In this paper I would like to present preliminary results from my ongoing PhD-project focusing creation of subjectivity in secondary school music education. The aim of this paper is to discuss construction of femininity in intersection with class regarding the use of different rhetorical resources available in different music classrooms. In particular I will pinpoint how the girls make use of insecurity and how this effects their possibilities to participate in musical activities.
During autumn 2014 I have been following the weekly music lessons in three classrooms in Stockholm and it's surroundings. The schools were strategically selected to represent maximum differentiation in the students socioeconomic background using the notion of symbolic capital resulting in three schools: a High end school, a Low end school and a Music profiled school.

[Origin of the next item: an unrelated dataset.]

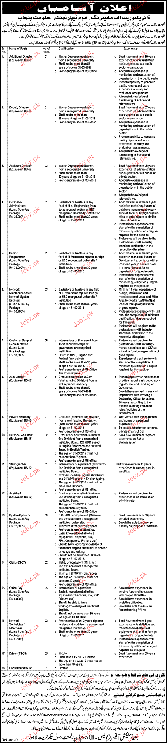 Latest Government Management Posts Lahore 2025
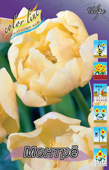 Тюльпан махровый ранний MONTREUX относится к группе махровых раноцветущих тюльпанов. Цветки у этого сорта желтого цвета. Основу группы махровых раноцветущих тюльпанов составляют низкорослые (20—25 см) тюльпаны с относительно небольшими (5—7 см) махровыми цветкам широко раскрытой формы. Махровые ранние тюльпаны цветут раньше поздних высокорослых сортов, но позже тюльпанов Грейга, Фостера и других ботанических раноцветущих видов.Характеристики

The lessons were documented with video camera, transcribed in great detail, and analyzed with concepts drawing from positioning theory, discursive psychology and conversation analysis focusing the rhetorical resources in the interactional work done among the pupils.

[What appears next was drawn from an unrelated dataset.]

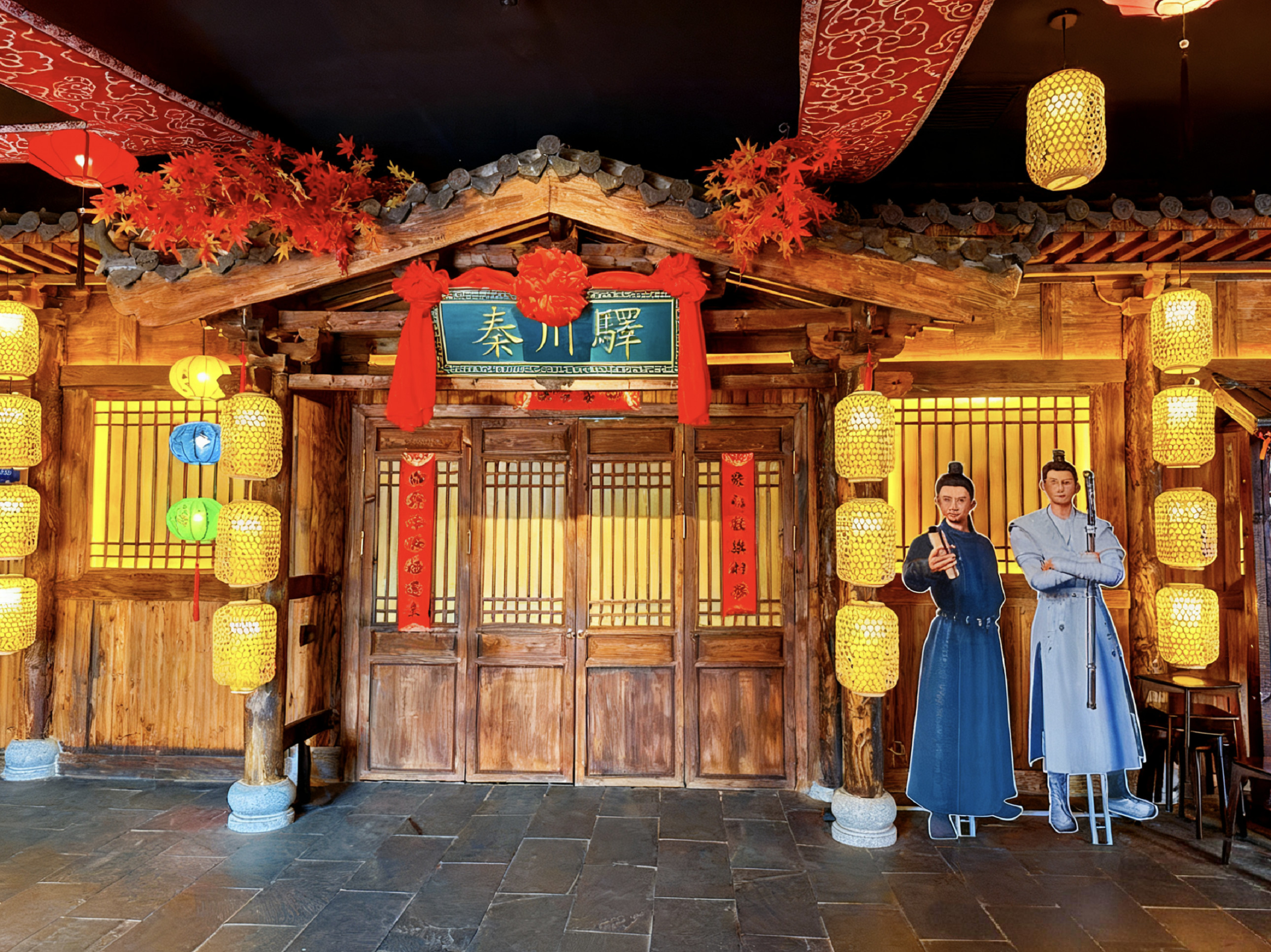 - 步入劇場,硃紅宮牆下鎏金燈籠光影搖曳,西域商肆的貨架上琉璃器皿折射出異域光澤,敦煌壁畫風格的紋飾在牆面流轉,胡樂聲與市井吆喝聲交織耳畔,濃郁的盛唐菸火氣瞬間將人包裹

Insecurity appears to be a resource available for the girls in all three classrooms but with different effects. For girls in the high end school insecurity explicitly expressed by words is frequently followed by further musical activities. In the low end school insecurity, expressed by avoiding difficult tasks, limits the possibility to further practice. In the music school the use of insecurity also of risk of being positioned as nervous and problematic and can be understood as an obstacle for practicing difficult music tasks in ensemble practice.